Could you write out, exactly, every line from the top of the data through the line holding "Nouvelle signalisation –"? Omit the pictures.

* **Dataset excerpts**
● ● ● ● ● ● ●

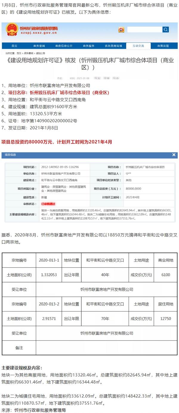 投資8億,4月開工!忻州鍛壓機床廠新建綜合體
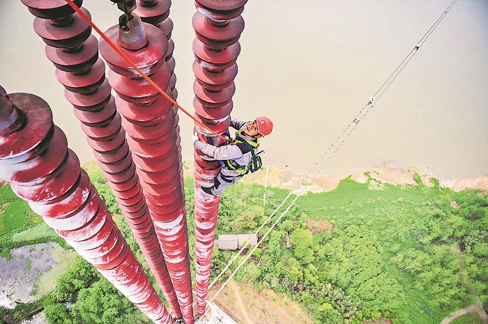 吳維國在高壓線上“走線”。
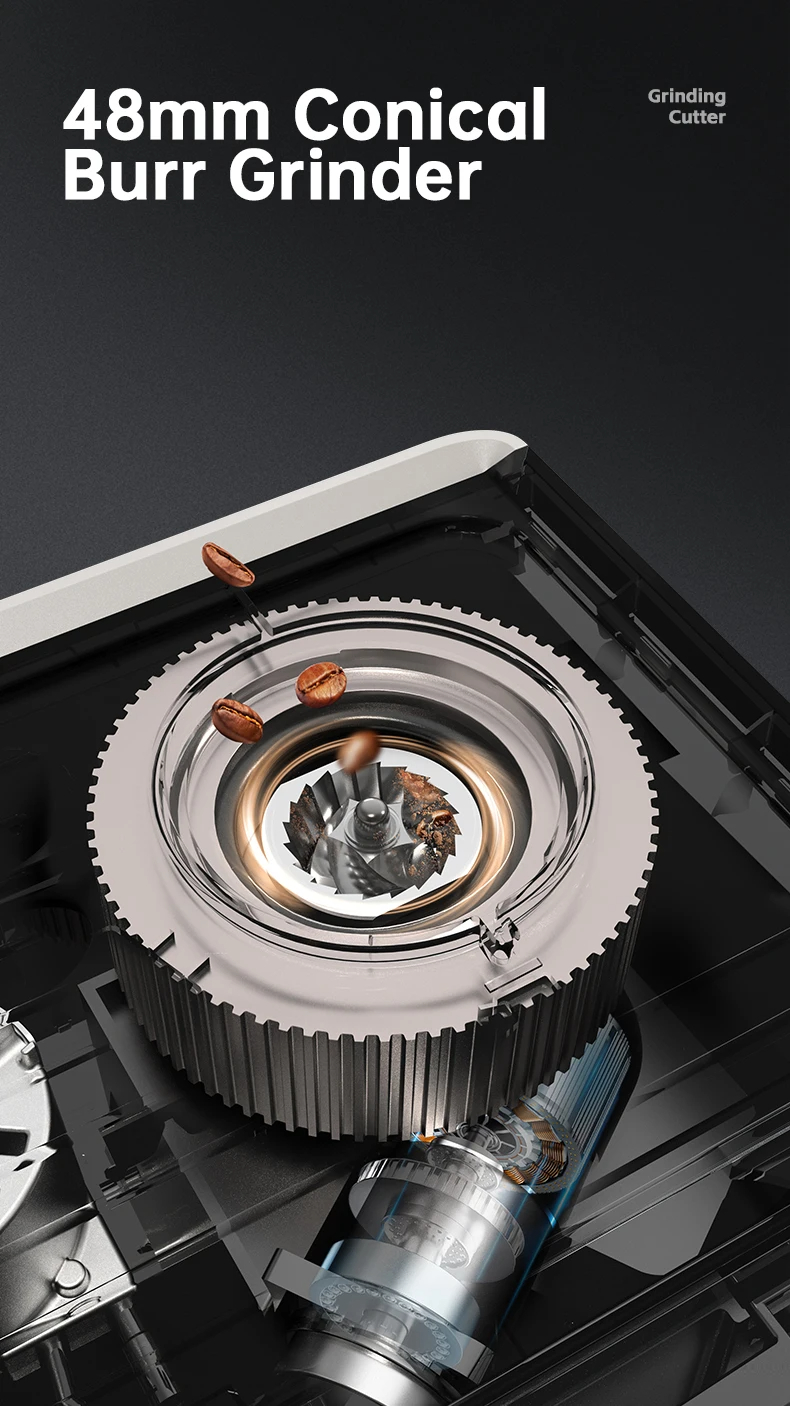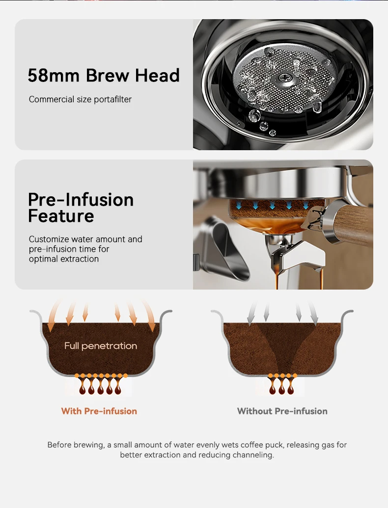 58mm uuttopää, 48mm ruostumattomasta teräksestä valmistettu jauhinterä ja tehokas 2800W höyrysuutin takaavat tasaisen uuton, ripeän höyrytyksen ja silkinpehmeän maidon vaahdon latte-taiteeseen.
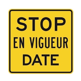 Le panneau « Nouvelle signalisation – Stop en vigueur » (D-40-2) indique un changement dans la régulation de la circulation à un carrefour. Il doit être installé pendant le mois précédant l’installation du nouveau panneau « Stop ».
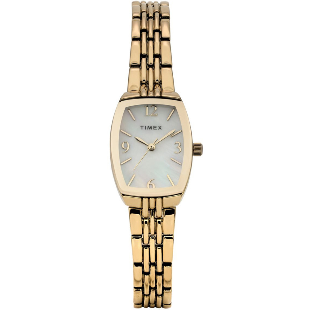Маленький жіночий годинник Timex CHARLOTTE з перламутровим циферблатом і золотистим браслетом. Модель Charlotte зачаровує унікальним склом, яке охоплює всю верхню поверхню корпуса, створюючи ілюзію ширяння над мініатюрним 21-міліметровим бочкоподібним корпусом. Поліроване оздоблення корпуса та браслета поєднується з лаконічним та ефектним одночасно перламутровим циферблатом. Браслет, що саморегулюється, оснащений знімними ланками, які можна підігнати за розміром без інструментів.
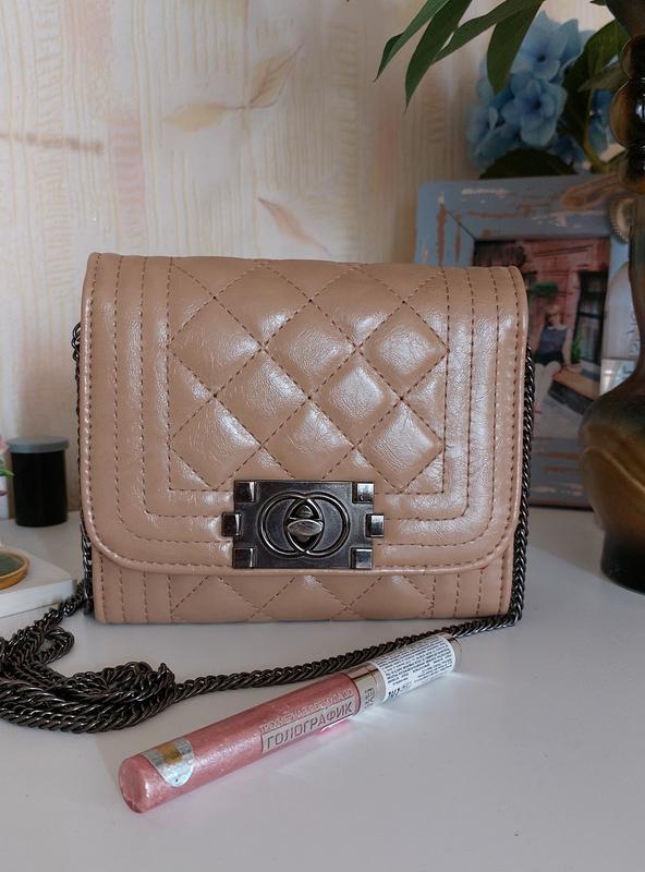 Небольшая сумочка на цепочке размер 17х15х6 см внутри два отделения и посередине карман на молнии. Практически не носилась

● ● ● ● ● ● ●

* **PROBLEM SOLUTION**
 投資8億,4月開工!忻州鍛壓機床廠新建綜合體
 吳維國在高壓線上“走線”。
 58mm uuttopää, 48mm ruostumattomasta teräksestä valmistettu jauhinterä ja tehokas 2800W höyrysuutin takaavat tasaisen uuton, ripeän höyrytyksen ja silkinpehmeän maidon vaahdon latte-taiteeseen.
 Le panneau « Nouvelle signalisation – Stop en vigueur » (D-40-2) indique un changement dans la régulation de la circulation à un carrefour. Il doit être installé pendant le mois précédant l’installation du nouveau panneau « Stop ».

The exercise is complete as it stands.